Overall, the primary end point of the study was not met. The response rate of dyspnea relief within 48 h did not significantly defer among all groups (3 OM dose groups and pooled placebo: placebo, 41%; OM cohort 1, 42%; cohort 2, 47%; cohort 3, 51%; P = 0.33). Furthermore, none of the secondary outcomes of the study were met either. This included changes in baseline NT-proBNP, length of hospital stay, days alive out of the hospital until day 30, death by any cause or worsening HF within 7 days, dyspnea area under the curve (baseline to 5th day or discharge), and dyspnea by 7-point Likert scale at each scheduled assessment. However, there was suggestion that OM resulted in greater dyspnea relief at 48 h (placebo, 37% vs. OM, 51%; P = 0.034) and through 5 days (P = 0.038) in the high-dose cohort. Despite not meeting primary and secondary end points, the study does reflect a common theme observed in OM studies. There was an increase in left ventricular (LV) ejection systolic time (P < 0.0001) and decrease in end systolic dimension (P < 0.05). Serious adverse events between placebo and OM group on day 30 were statistically similar (placebo: n = 70 [23%] vs. OM: n = 66 [22%]). However, plasma troponin concentrations were higher in OM cohort groups compared with placebo (median difference at 48 h, 0.004 ng/ml) but were not associated with increased myocardial ischemic events.
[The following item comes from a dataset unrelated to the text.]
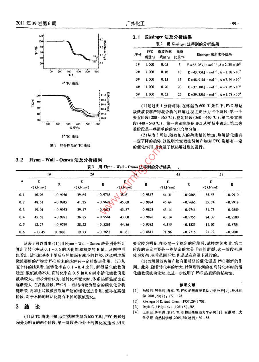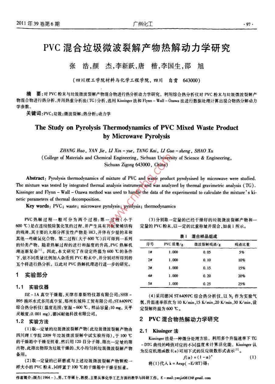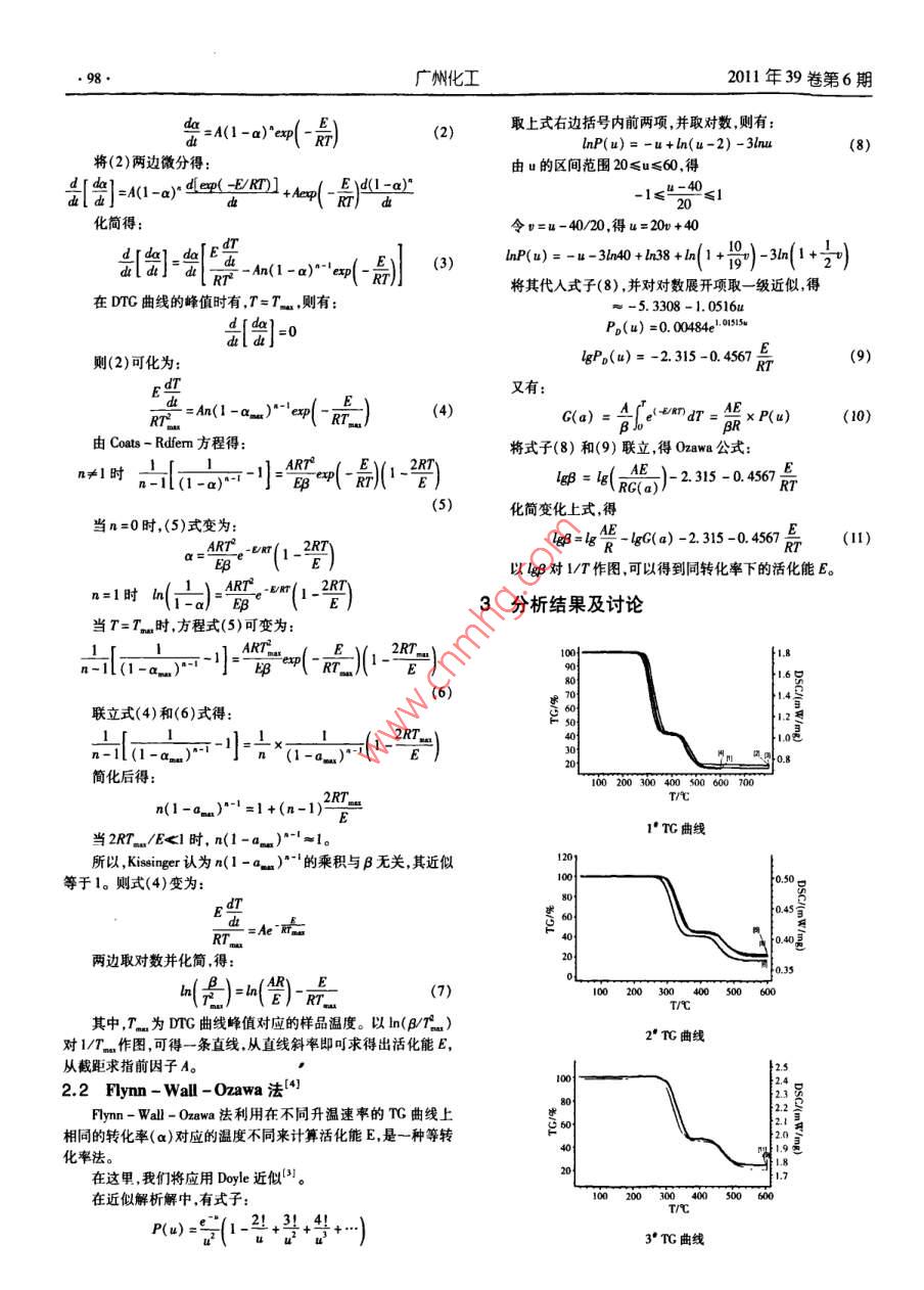 2011年39卷第6期廣州化工.97.PVC混合垃圾微波裂解產(chǎn)物熱解動力學研究張浩,顏杰,李新躍,唐楷,李國生,邵旭(四川理工學院材料與化學工程學院,四川自貢 643000)摘要:對PVC粉末與垃圾微波裂解產(chǎn)物混合物進行熱分析動力學研究。利用綜合熱分析儀對PVC粉末與垃圾微波裂解產(chǎn)物混合物進行熱分析,并用熱重分析法( TC)分析,選用Kssinger法和Flyn - Wall - Ozawa法進行數(shù)據(jù)處理計算出混合物熱分解動力學參數(shù)。關(guān)鍵詞:PVC;垃圾;微波裂解;熱分析;動力學The Study on Pyrolysis Thermodynamics of PVC Mixed Waste Productby Microwave PyrolysisZHANG Hao, YAN jie, LI Xin -yue, TANG Kai, U Guo - sheng, SHAO Xu(College of Materials and Chemical Engineering, Sichuan University of Science & Engineering,Sichuan Zigong 643000, China)Abstract: Pyrolysis thermodynamics of mixture of PVC and waste product pyrolysised by microwave were studied.The mixture was tested by integrated thermal analysis instrument and was analyzed by thermal gravimetric analysis (TG).Kissinger and Flynn - Wall - Ozawa method was used to handle the data of the experimental to calculate the mixture' s ki-netic parameters of thermal decompostion.Key words: PVC; waste; microwave pyrolysis; pyrolysis ; thermodynamicsPVC熱解過程一般可分為兩個過程:第一過程(小于(3)分別取-定量的已經(jīng)干燥好的垃圾微波裂解產(chǎn)物和一600 C)是在連續(xù)脫除氯化氫的過程.并產(chǎn)生具有共軛聚烯結(jié)構(gòu)定量的 PVC粉末,以一定的比重稱址并混合,如表1所示。的殘渣,其主要的大部分揮發(fā)性產(chǎn)物是HCI,并伴有少量的苯和表1混合樣品組成其他一些碳氫化合物。第二過程(大于600 C)后可得到一系列的烴類產(chǎn)物。隨著熱解過程的進行和溫度的升高,PVC熱解機序號PVC質(zhì)最/g ;微波裂解殘渣/g殘渣比重理逐漸復雜"。因此,本文研究了在設(shè)定終溫為600 C的條件#1.0000.055%下,依不同質(zhì)敗比例加入雜質(zhì)到PVC粉末中.并分別對所得到的2#0.1010%五個樣進行熱分析。以此對PVC熱解機理進行進一步的研究。3#0.151591實驗部分4#0.202090.2525%1.1實驗儀器DZ-1A真空千燥箱,天津市泰斯特儀器有限公司;SHB-(4)采用德國STA409PC綜合熱分析儀,以N,作為實驗氣B95循環(huán)水式多用真空泵鄭州長城科工貿(mào)有限公司:STA409PC氛,升溫速率依次為10 K/min,15 K/min ,20 K/min ,30 K/min,設(shè)綜合熱分析儀(溫度范圍:室溫-600 C,樣品容量:10 mg,天平定裂解終溫為600 C。靈敏度:0.001 mg) ,德國耐馳科技有限公司。1.2 實驗方法2 PVC 混合物熱解動力學研究(1)取一定量的垃圾微波裂解產(chǎn)物(此垃圾微波裂解產(chǎn)物由2.1 Kissinger 法四川理T.學院2009年垃圾微波裂解中試實驗所得),于100 CKissinger法是一-種微分處理方法。利用多個升溫速率下TG的干燥箱中干燥至恒重然后用120目分子篩.篩出--定量的篩- DTG曲線的峰值對應的不同溫度來計算活化能。Kissinger 認出物,此篩出物即為垃圾干燥的、大小均勻的垃圾微波裂解產(chǎn)物為反應機理兩數(shù)f(a)可用下式的反應級數(shù)形式表示2]。備用。f(a)=(1-a)"(1)(2)取-定量的已研磨成與上述垃圾微波裂解產(chǎn)物顆粒一將(1)代人k=Aexp( -E/RT)得:樣大小的PVC粉末,同樣置于100 C的干燥箱中f燥至恒重。作者簡介:顧杰(1964- ),男,工學碩士.教授,主要從事化學工藝方面的教學與科研工作。Emil:yanji0813@ grail. com. 98.廣州化工2011年39卷第6期出=(1-a)'e(一最)(2)取上式右邊括號內(nèi)前兩項,并取對數(shù),則有:InP(u)= -u+ln(u-2) - 3lnu將(2)兩邊微分得:由u的區(qū)間范圍20≤u≤60,得-1≤4-40≤化簡得:令v=u-40/20,得u=20v +40[出]=出日五b(u-=-1040+h38+1(1+號)31(1+司)將其代人式子(8) ,并對對數(shù)展開項取一-級近似,得在DTC曲線的峰值時有,T=T. .則有:=-5. 3308 -1.0516u[出]=0Po(u) =0. 0484e015則(2)可化為:lgPo(u)= -2.315-0.467上(9)E又有:RT=m(-m"( )(4)C(a) =foomdr=能xP(u)10)= βF由Coats - Rdiem方程得:將式子(8)和(9)聯(lián)立,得Ozawa公式:n≠1時lkβ=lg( RAE)-2.315 -0.4567(5)化簡變化上式,得當n=0時,(5)式變?yōu)? .48=g -gG(a) -2.315 -0.4567品(11)a= E0(1管)ART以lepB對I/T作圖,可以得到同轉(zhuǎn)化率下的活化能E。n=1時(=)-=-(1-2號)3分析結(jié)果及討論當7下=7_時,方程式(5)可變?yōu)?10-1.8一*p(0)(--E-)(6)14號聯(lián)立式(4)和(6)式得:1.2號-=+-(122=)20簡化后得:100 200300400500 600 700T/1' TC曲線當2R./E<1時, n(1-am)*-'=1。所以,isinger認為n(1 -a.. )”-的乘積與β無關(guān),其近似120等于1。則式(4)變?yōu)?00.0.50口800.45號g 00兩邊取對數(shù)并化簡,得叫懸)=叫(管)點(7)100200300400500 600其中,為DTC曲線峰值對應的樣品溫度。以ln(β/7)2" TC曲線對17..作圖,可得一條直線.從直線斜率即可求得出活化能E,從截距求指前因子A。002.2 Flynn - Wall - Ozawa法[4]Flynn - wall - Ozawa法利用在不同升溫速率的TG曲線上2.1言臺601相同的轉(zhuǎn)化率( a)對應的溫度不同來計算活化能E,是一種等轉(zhuǎn)401.9號化率法。在這里,我們將應用Doyle近似!”。在近似解析解中,有式子:100200300400S00600T/CP()=S(1-44+告+-)3° TG曲線2011年39卷第6期廣州化工●99●2023.1 Kissinger 法及分析結(jié)果0.表2用Kissinger 法得到的分析結(jié)果e 600PVC微波裂解 殘請40號質(zhì)量/g殘渣/g比重/%Kisinger 法所求得結(jié)果20251# 1.000 0.055 E=62.08kJ . mol-' .A=2.35 x1010100~ 2000 So0 6002# 1.000 0.100 E=43.75kJ.mol-1 ,A=1.02 x10'T/t;3# 1.000 0.15I5 E=48.91kJ . mol-' ,A=7.94 x10’4" TC曲線4# 1.000 0.2020 E=37. 18J●mol-' ,A=7.95x I000{11.0勇# 1.000 0.255 E=39.35KJ●mol-',A=1.78x 10°t 10.M三8010

Overall, ATOMIC-HF trial did not show statistical significance in dyspnea symptoms with OM compared to placebo, and the study remains underpowered to look at clinical outcomes. The serial enrollment of cohorts separated by months significantly limited analysis of the study. It resulted in differences in patient population and placebo response rate, consequently confounding the comparisons of the pooled placebo cohort with the individual OM cohorts.[16]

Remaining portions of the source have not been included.